_PROBLEM TO WORK ON:_ When you reach the line with "Für die Nutzung" in the data below, begin printing lines exactly, and stop once the line with "本当に日々感謝しております🥲 ありがとうございます。 セルフハイフ・セルフ脱毛のみ..." has been printed.

_GIVEN DATA:_
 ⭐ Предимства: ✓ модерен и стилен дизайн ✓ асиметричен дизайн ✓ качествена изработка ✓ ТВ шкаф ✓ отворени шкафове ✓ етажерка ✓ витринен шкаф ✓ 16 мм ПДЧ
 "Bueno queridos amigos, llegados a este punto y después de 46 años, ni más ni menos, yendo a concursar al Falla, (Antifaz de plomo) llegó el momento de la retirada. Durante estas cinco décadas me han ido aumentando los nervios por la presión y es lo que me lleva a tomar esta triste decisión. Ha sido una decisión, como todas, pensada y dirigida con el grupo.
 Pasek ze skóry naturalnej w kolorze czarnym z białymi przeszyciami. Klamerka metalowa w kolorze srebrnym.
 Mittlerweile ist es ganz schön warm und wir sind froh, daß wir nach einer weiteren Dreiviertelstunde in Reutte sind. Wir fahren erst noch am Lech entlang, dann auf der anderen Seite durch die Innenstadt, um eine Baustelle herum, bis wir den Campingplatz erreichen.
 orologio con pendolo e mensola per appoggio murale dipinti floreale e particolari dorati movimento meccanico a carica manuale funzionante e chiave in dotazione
---
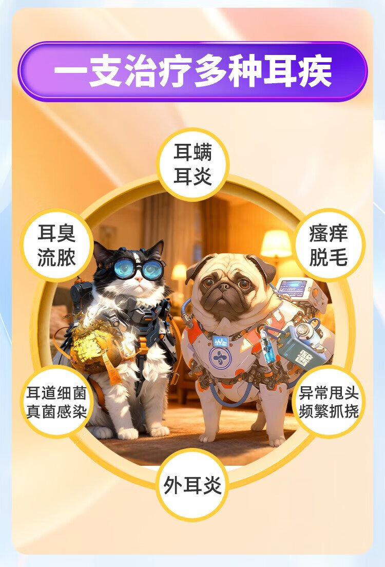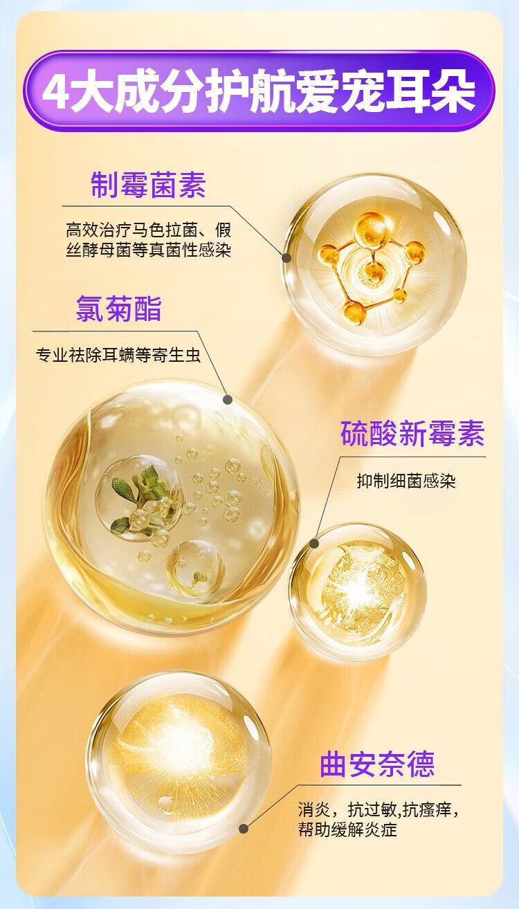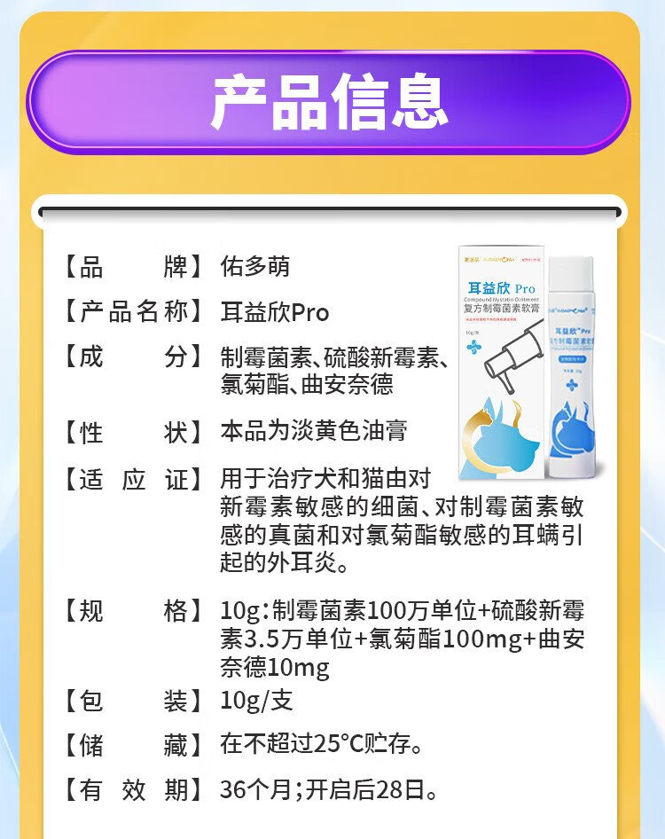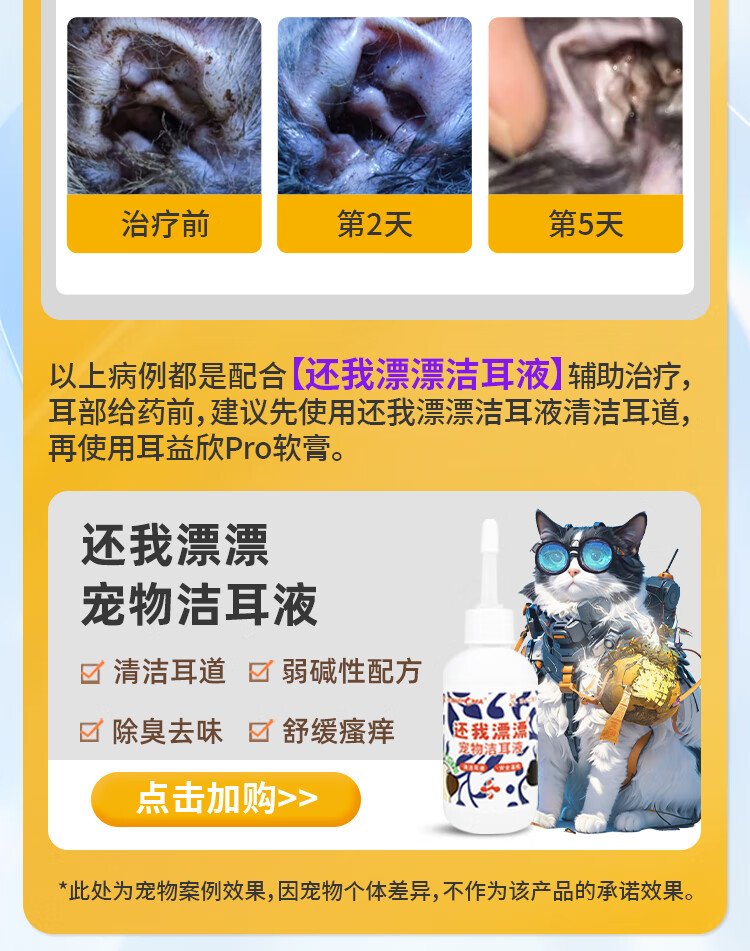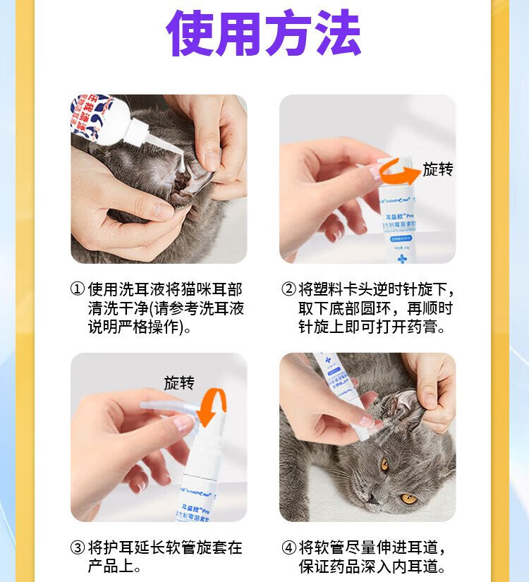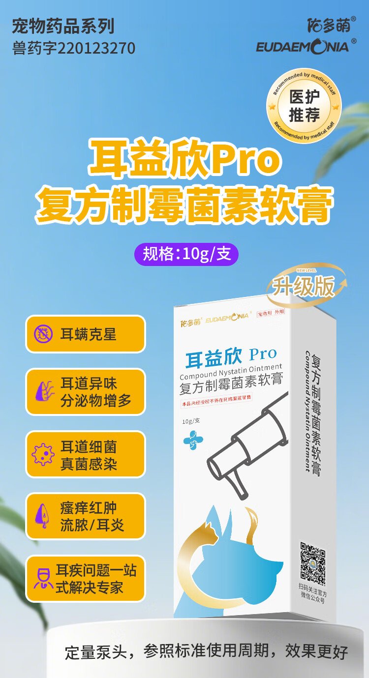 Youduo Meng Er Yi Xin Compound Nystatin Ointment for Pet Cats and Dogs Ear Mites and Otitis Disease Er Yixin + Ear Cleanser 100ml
--
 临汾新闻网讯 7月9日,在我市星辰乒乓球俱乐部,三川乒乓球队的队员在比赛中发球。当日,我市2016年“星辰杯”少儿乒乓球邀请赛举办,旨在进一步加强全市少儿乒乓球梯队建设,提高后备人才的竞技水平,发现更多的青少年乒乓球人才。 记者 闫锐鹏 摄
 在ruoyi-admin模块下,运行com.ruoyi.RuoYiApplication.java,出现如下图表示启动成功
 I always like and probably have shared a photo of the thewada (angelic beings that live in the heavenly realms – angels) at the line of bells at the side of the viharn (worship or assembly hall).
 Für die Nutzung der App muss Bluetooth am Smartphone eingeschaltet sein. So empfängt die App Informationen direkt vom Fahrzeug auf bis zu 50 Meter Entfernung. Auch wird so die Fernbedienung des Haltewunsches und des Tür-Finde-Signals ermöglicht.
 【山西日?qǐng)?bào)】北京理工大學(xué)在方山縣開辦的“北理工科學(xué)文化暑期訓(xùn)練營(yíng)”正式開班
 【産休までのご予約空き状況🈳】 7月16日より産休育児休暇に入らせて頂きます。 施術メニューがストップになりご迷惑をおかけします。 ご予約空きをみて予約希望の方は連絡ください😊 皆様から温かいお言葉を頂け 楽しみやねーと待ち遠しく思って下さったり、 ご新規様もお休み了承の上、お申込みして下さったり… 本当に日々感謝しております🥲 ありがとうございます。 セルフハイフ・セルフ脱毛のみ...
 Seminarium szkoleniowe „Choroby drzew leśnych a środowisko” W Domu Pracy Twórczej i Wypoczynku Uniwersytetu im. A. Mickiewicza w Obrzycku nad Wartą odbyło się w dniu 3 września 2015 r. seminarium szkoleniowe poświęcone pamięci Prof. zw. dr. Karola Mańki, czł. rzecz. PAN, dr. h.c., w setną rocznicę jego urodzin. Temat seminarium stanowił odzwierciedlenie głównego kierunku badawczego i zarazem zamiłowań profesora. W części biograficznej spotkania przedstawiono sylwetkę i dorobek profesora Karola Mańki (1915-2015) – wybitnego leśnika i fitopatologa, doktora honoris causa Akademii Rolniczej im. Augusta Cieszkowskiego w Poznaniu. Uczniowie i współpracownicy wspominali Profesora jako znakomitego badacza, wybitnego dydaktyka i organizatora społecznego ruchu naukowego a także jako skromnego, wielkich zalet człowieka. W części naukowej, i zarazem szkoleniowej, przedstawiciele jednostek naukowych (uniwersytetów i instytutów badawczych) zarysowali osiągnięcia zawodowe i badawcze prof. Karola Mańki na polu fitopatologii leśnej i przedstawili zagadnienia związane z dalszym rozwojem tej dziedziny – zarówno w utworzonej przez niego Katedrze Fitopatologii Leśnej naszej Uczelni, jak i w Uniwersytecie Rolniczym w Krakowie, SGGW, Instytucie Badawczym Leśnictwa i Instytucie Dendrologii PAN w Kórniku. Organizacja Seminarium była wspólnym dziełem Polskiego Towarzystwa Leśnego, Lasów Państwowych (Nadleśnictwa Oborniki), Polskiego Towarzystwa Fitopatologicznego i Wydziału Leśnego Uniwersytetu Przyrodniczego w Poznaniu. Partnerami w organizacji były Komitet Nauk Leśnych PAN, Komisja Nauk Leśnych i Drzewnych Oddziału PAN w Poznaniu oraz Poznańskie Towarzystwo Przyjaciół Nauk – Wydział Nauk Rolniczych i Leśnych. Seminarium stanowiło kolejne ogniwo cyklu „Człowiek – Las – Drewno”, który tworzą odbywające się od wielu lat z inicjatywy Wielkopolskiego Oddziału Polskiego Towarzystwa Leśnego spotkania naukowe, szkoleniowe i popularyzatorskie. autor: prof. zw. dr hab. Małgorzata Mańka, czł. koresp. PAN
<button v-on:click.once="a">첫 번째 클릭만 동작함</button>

_WRITTEN SOLUTION:_
 Für die Nutzung der App muss Bluetooth am Smartphone eingeschaltet sein. So empfängt die App Informationen direkt vom Fahrzeug auf bis zu 50 Meter Entfernung. Auch wird so die Fernbedienung des Haltewunsches und des Tür-Finde-Signals ermöglicht.
 【山西日?qǐng)?bào)】北京理工大學(xué)在方山縣開辦的“北理工科學(xué)文化暑期訓(xùn)練營(yíng)”正式開班
 【産休までのご予約空き状況🈳】 7月16日より産休育児休暇に入らせて頂きます。 施術メニューがストップになりご迷惑をおかけします。 ご予約空きをみて予約希望の方は連絡ください😊 皆様から温かいお言葉を頂け 楽しみやねーと待ち遠しく思って下さったり、 ご新規様もお休み了承の上、お申込みして下さったり… 本当に日々感謝しております🥲 ありがとうございます。 セルフハイフ・セルフ脱毛のみ...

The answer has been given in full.